• [PROBLEM TO WORK ON] Repeat only the lines below that run from the line with "PlusMinus – der" to the line with "Jacobs insisted that", ends included; skip every picture.

• [EXCERPTED RECORDS]
——
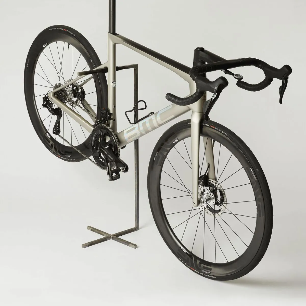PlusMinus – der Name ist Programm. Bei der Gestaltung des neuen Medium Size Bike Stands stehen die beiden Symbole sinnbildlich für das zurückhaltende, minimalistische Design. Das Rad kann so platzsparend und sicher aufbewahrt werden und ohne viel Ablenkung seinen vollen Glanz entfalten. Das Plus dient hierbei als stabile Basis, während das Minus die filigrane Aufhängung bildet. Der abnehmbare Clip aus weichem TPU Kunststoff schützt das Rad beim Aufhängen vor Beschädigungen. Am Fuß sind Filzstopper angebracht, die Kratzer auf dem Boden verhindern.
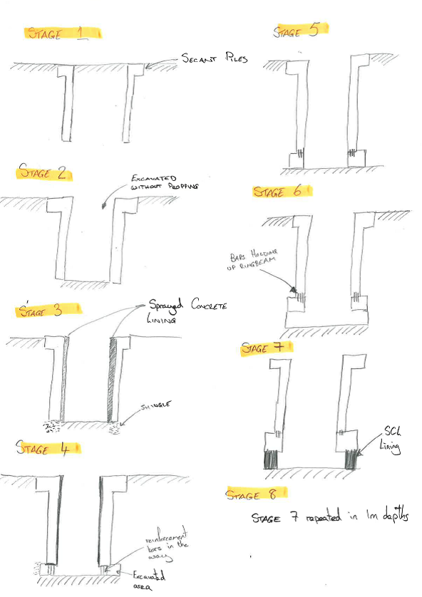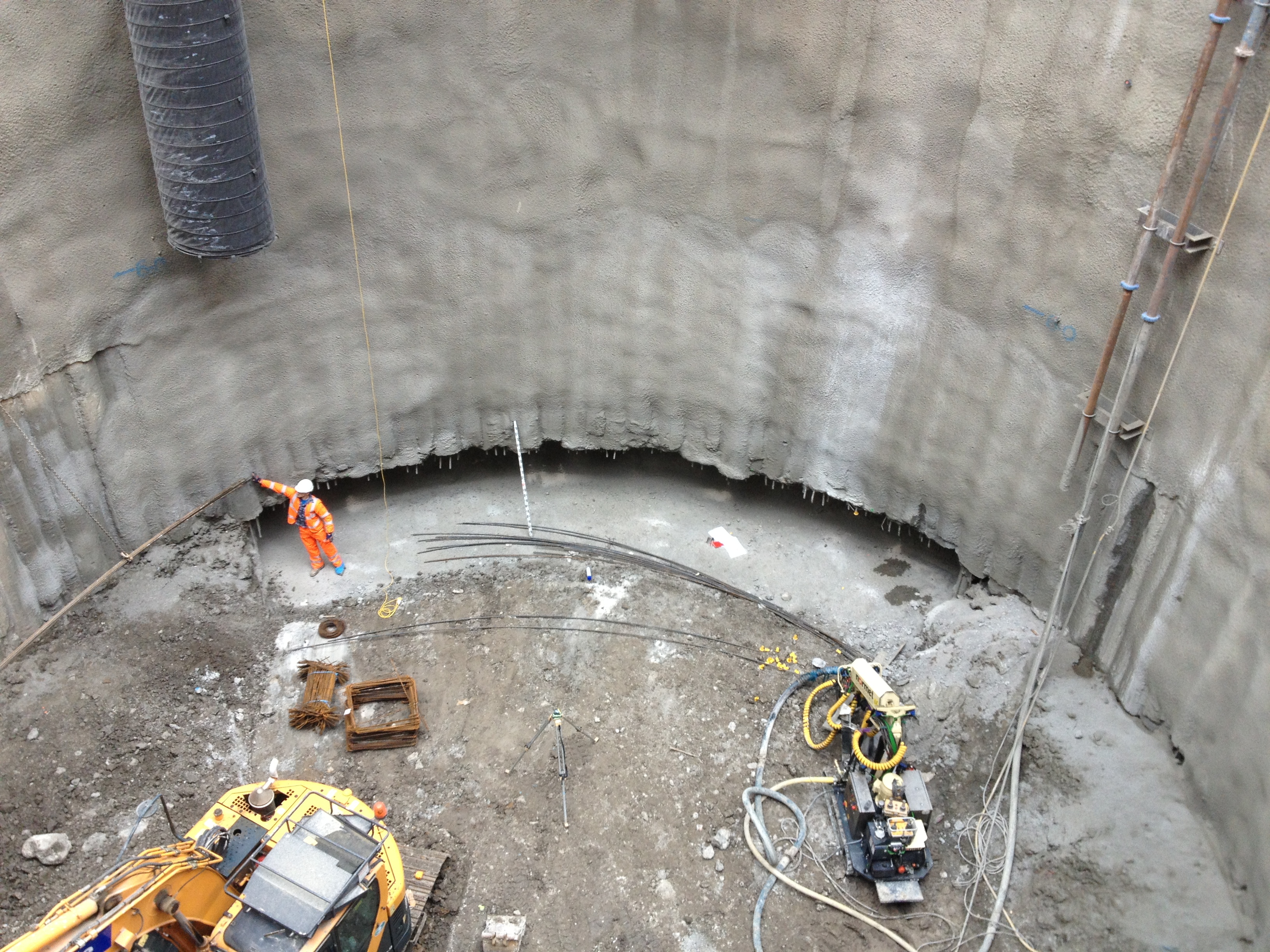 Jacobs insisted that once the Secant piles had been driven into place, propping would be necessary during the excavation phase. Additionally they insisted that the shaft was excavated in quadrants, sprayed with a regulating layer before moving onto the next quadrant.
——
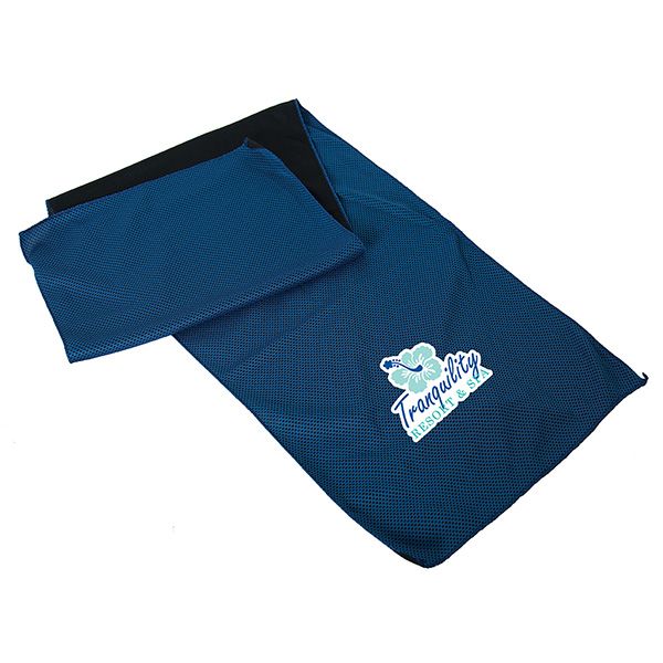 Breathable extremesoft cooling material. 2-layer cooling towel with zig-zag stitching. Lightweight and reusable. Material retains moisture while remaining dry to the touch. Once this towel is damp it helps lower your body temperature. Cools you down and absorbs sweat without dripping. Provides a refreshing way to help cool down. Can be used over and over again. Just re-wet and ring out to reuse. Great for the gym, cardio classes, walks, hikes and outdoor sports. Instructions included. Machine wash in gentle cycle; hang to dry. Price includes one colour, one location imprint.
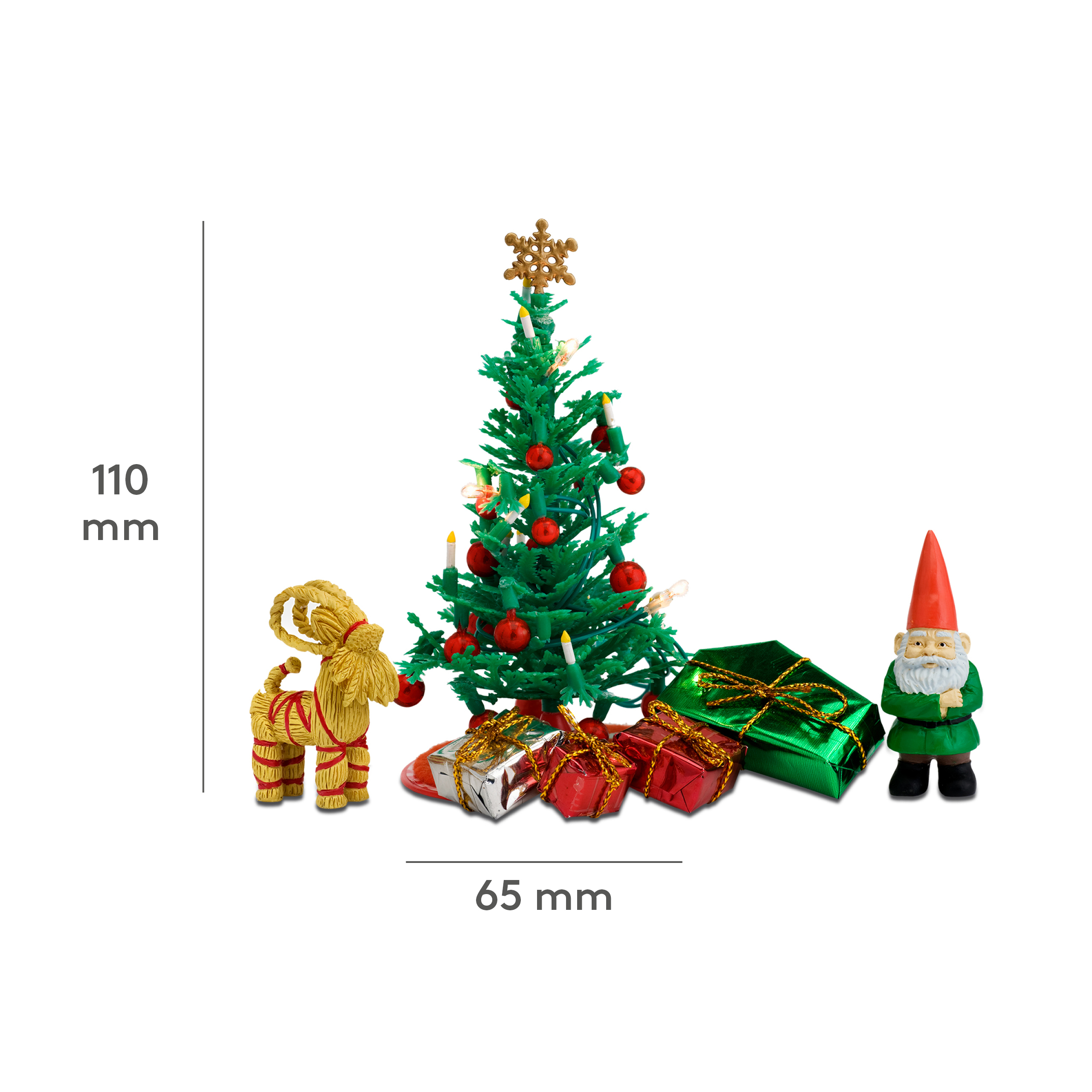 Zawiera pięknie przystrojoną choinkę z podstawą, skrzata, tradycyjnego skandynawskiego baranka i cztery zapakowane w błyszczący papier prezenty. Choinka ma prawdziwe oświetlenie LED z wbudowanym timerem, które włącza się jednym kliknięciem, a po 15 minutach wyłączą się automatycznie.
——
• [ANSWER TO THE EXERCISE]
PlusMinus – der Name ist Programm. Bei der Gestaltung des neuen Medium Size Bike Stands stehen die beiden Symbole sinnbildlich für das zurückhaltende, minimalistische Design. Das Rad kann so platzsparend und sicher aufbewahrt werden und ohne viel Ablenkung seinen vollen Glanz entfalten. Das Plus dient hierbei als stabile Basis, während das Minus die filigrane Aufhängung bildet. Der abnehmbare Clip aus weichem TPU Kunststoff schützt das Rad beim Aufhängen vor Beschädigungen. Am Fuß sind Filzstopper angebracht, die Kratzer auf dem Boden verhindern.
 Jacobs insisted that once the Secant piles had been driven into place, propping would be necessary during the excavation phase. Additionally they insisted that the shaft was excavated in quadrants, sprayed with a regulating layer before moving onto the next quadrant.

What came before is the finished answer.